# CA Sellers Permit - Business Address / Landlord info



## bfitted (Apr 30, 2010)

Hi- I am applying for a CA sellers permit, and I'm a little confused about what to put as my business address and business landlord info.

I will be starting a clothing brand and I will not have any retail locations, I will be selling wholesale to retailers, should I leave this section blank or should I enter my home address info here?

I just don't want my landlord to have to pay any additional taxes because they think my house is a retail selling location.

Thanks!


----------



## Celtic (Feb 19, 2008)

You need to put your address in, but also state that you're wholesale only.
I'd also suggest going to the state's dept. of licensing website. I'm sure that they'll have some info for you too. 
You could call and just ask for information concerning this. Just a general inquiry call.
You wouldn't have to give your name or anything.


----------



## bfitted (Apr 30, 2010)

Yea I'm just going to go apply and ask them.

Does anyone in California who has a sellers permit, running a home based business have any more info on this?

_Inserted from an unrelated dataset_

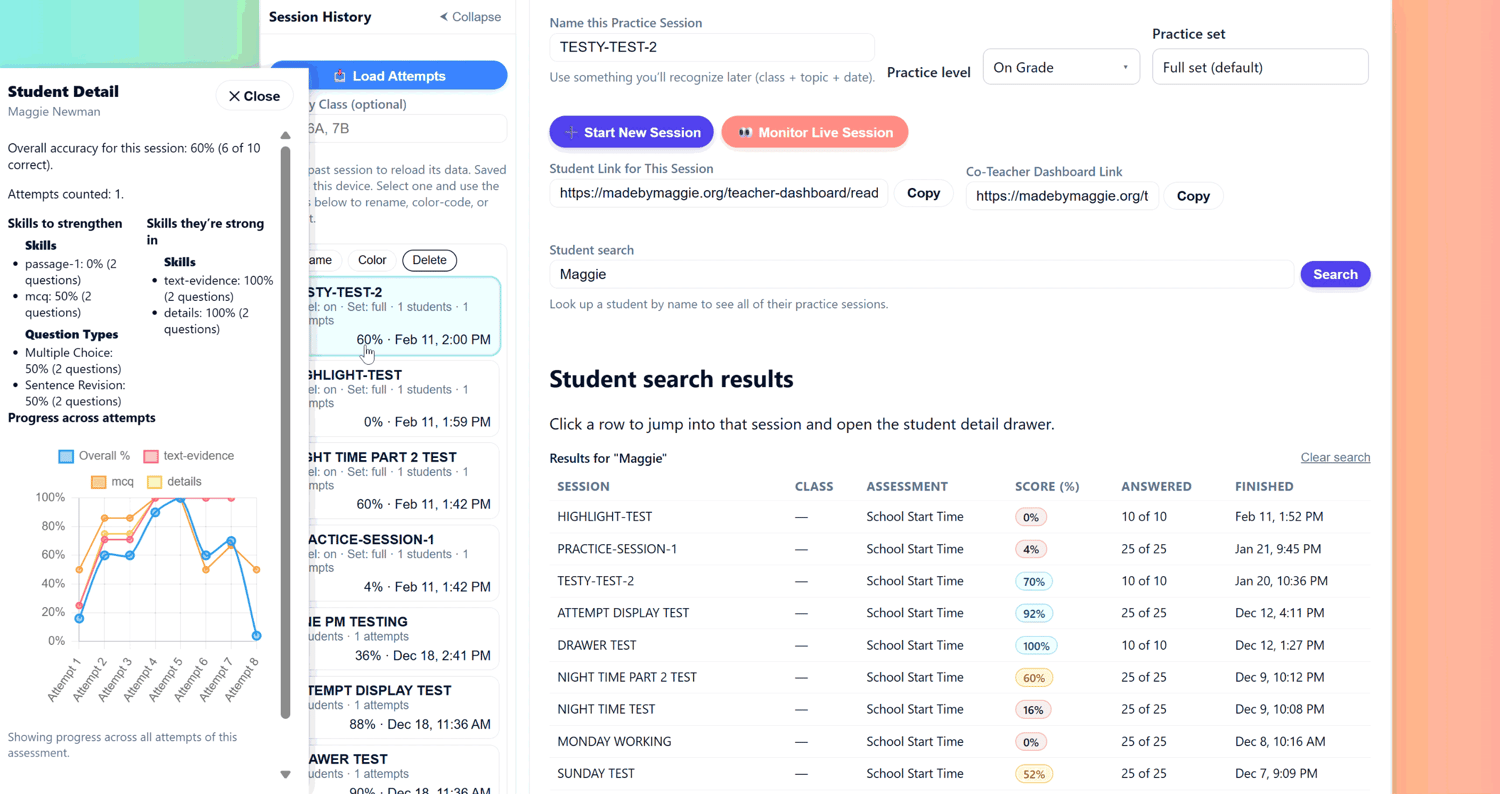 The student trainer runs in the browser, and the teacher dashboard is designed for classroom reporting and progress monitoring. Student responses are connected to the practice session a teacher creates so results and session history can be viewed in the dashboard.
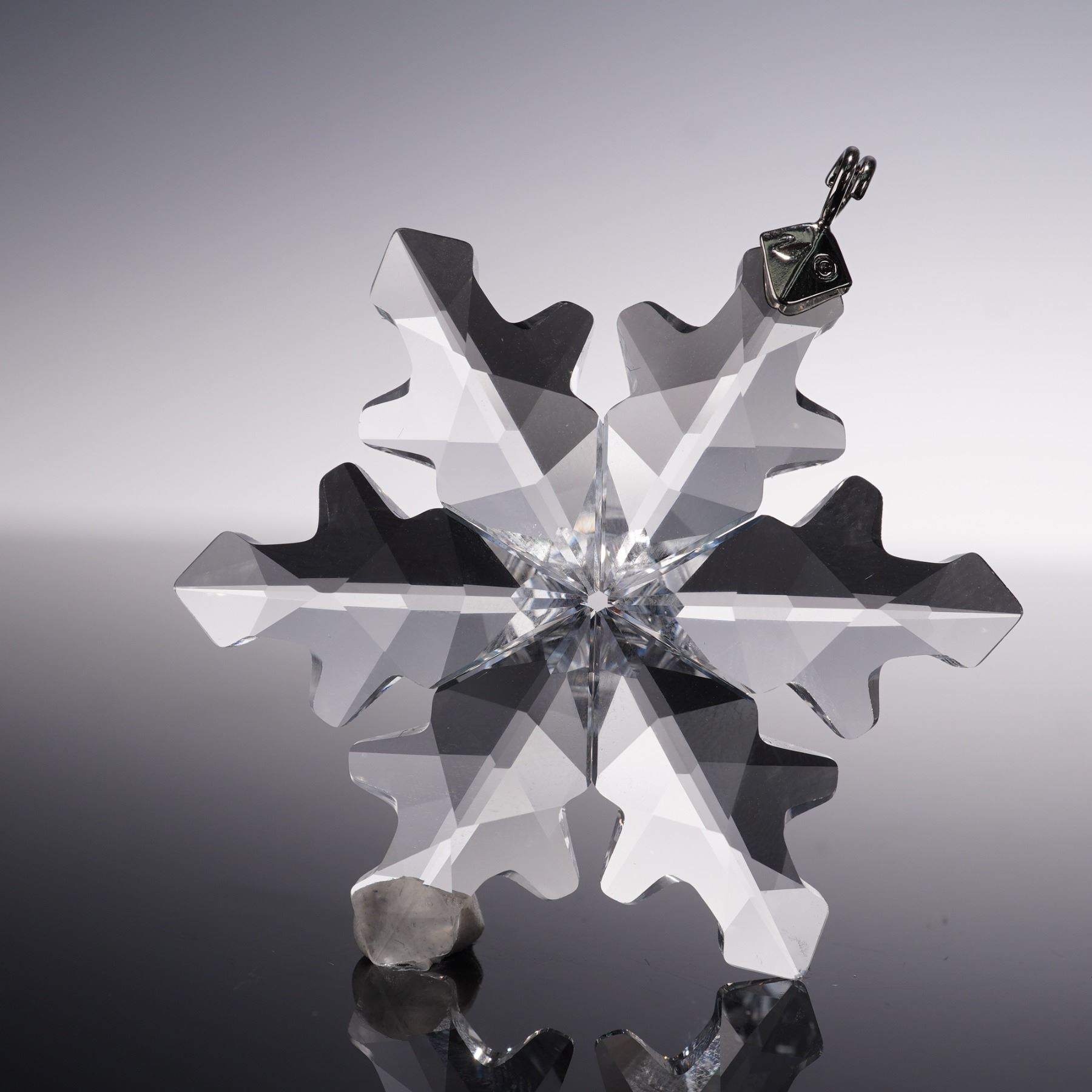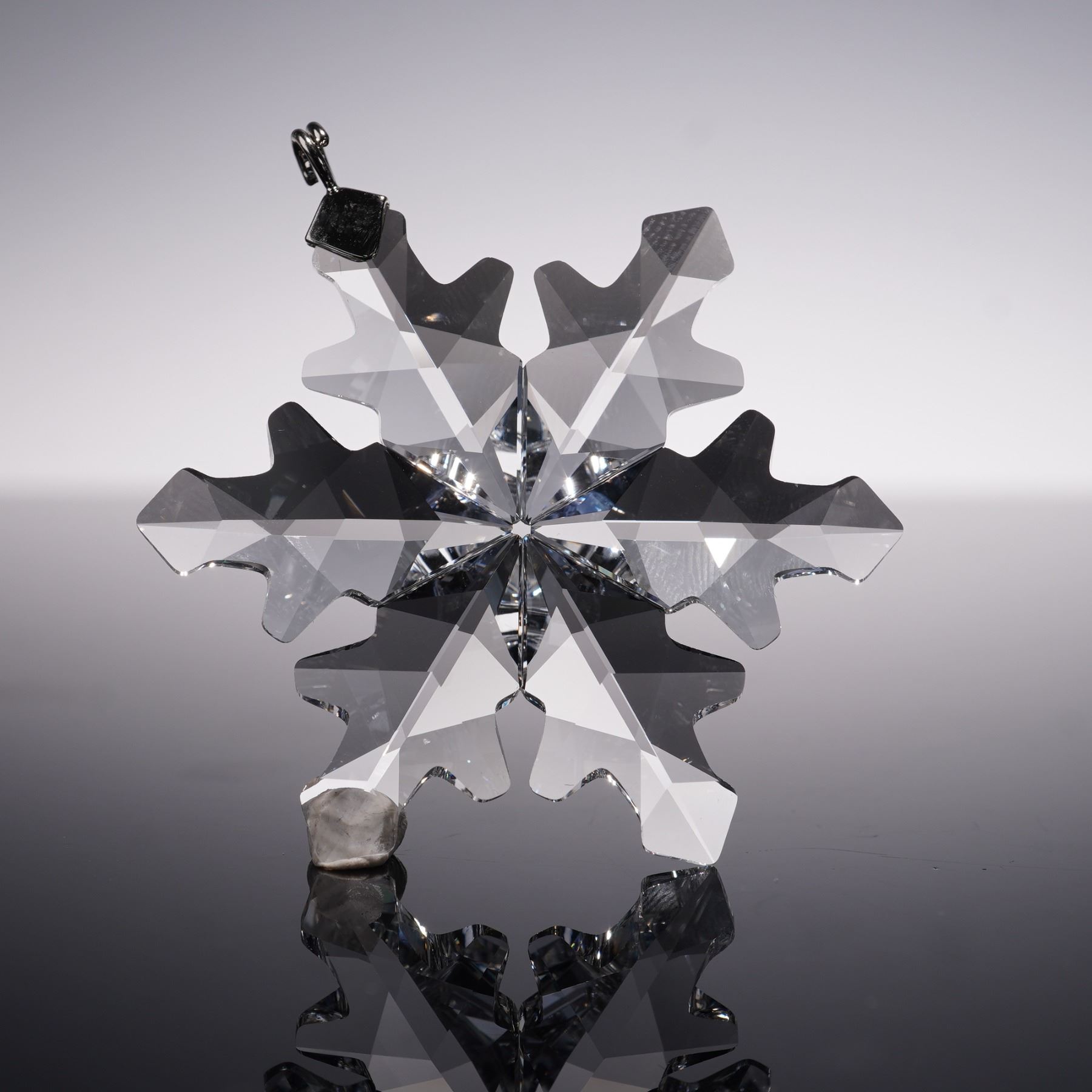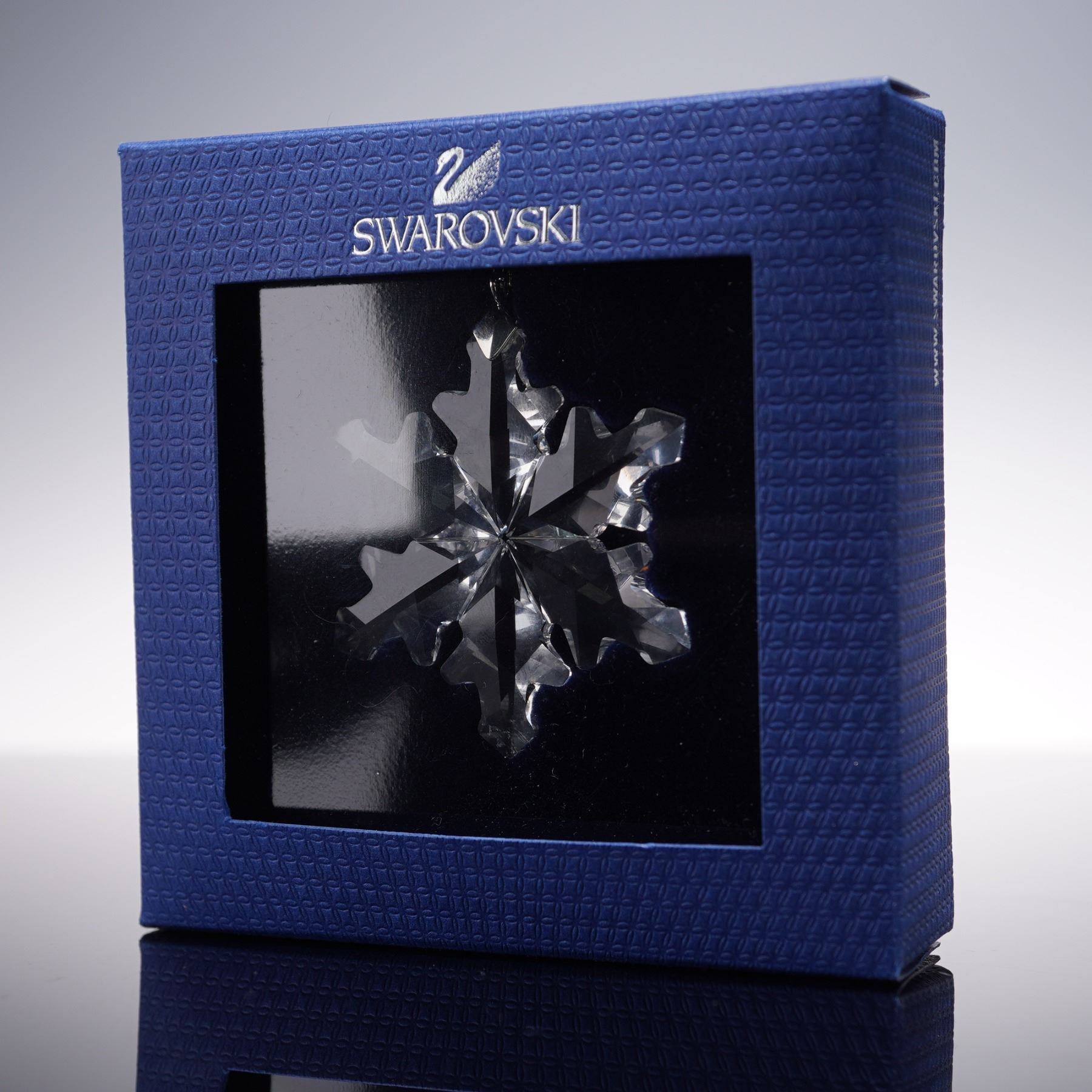 This exquisite Swarovski Crystal 2012 Christmas Ornament, Little Snowflake, model number 1139969, is a delicate and sparkling addition to your holiday decor. Crafted from clear crystal, this ornament captures the elegance of a snowflake with its intricate facets, reflecting light beautifully. For added impact, several of these snowflakes can be hung together to create a shimmering display. Comes with the original box. Includes Swarovski backstamp.

Thanks for the help in advance!


----------



## gclarkson (Nov 12, 2009)

I run a home-based business in So Cal that is not related to the clothing industry, but I have had a decent amount of experience with seller's permits.

As far as your business address, they want the address that your business is physically located at - not a mailing address.

The landlord info is for your business if you are leasing actual business space in something like an industrial park. Leave that space blank and if they decide that they really have to have something, they will get in touch with you.

Also, if you are close to one of the BOE offices, I have always preferred to take the time to visit the office to register for my permits. This enables you to make sure that everything is correct before you would normally send it in, and you will normally leave with your permit in hand.

If you aren't sure where the offices are, visit: www.boe.ca.gov.


----------



## bfitted (Apr 30, 2010)

gclarkson said:


> I run a home-based business in So Cal that is not related to the clothing industry, but I have had a decent amount of experience with seller's permits.
> 
> As far as your business address, they want the address that your business is physically located at - not a mailing address.
> 
> ...


Thanks!

So I'm guessing I would just put in my home address as my business address and leave the landlord info blank. Is this correct?

I'm in socal too, and I will stop by an office to completed the application.


----------



## gclarkson (Nov 12, 2009)

Yes, bfitted. As long as your home is your place of business, that would be your business address. And I would leave the landlord info alone as you don't have one. 

Good luck on getting everything going!


----------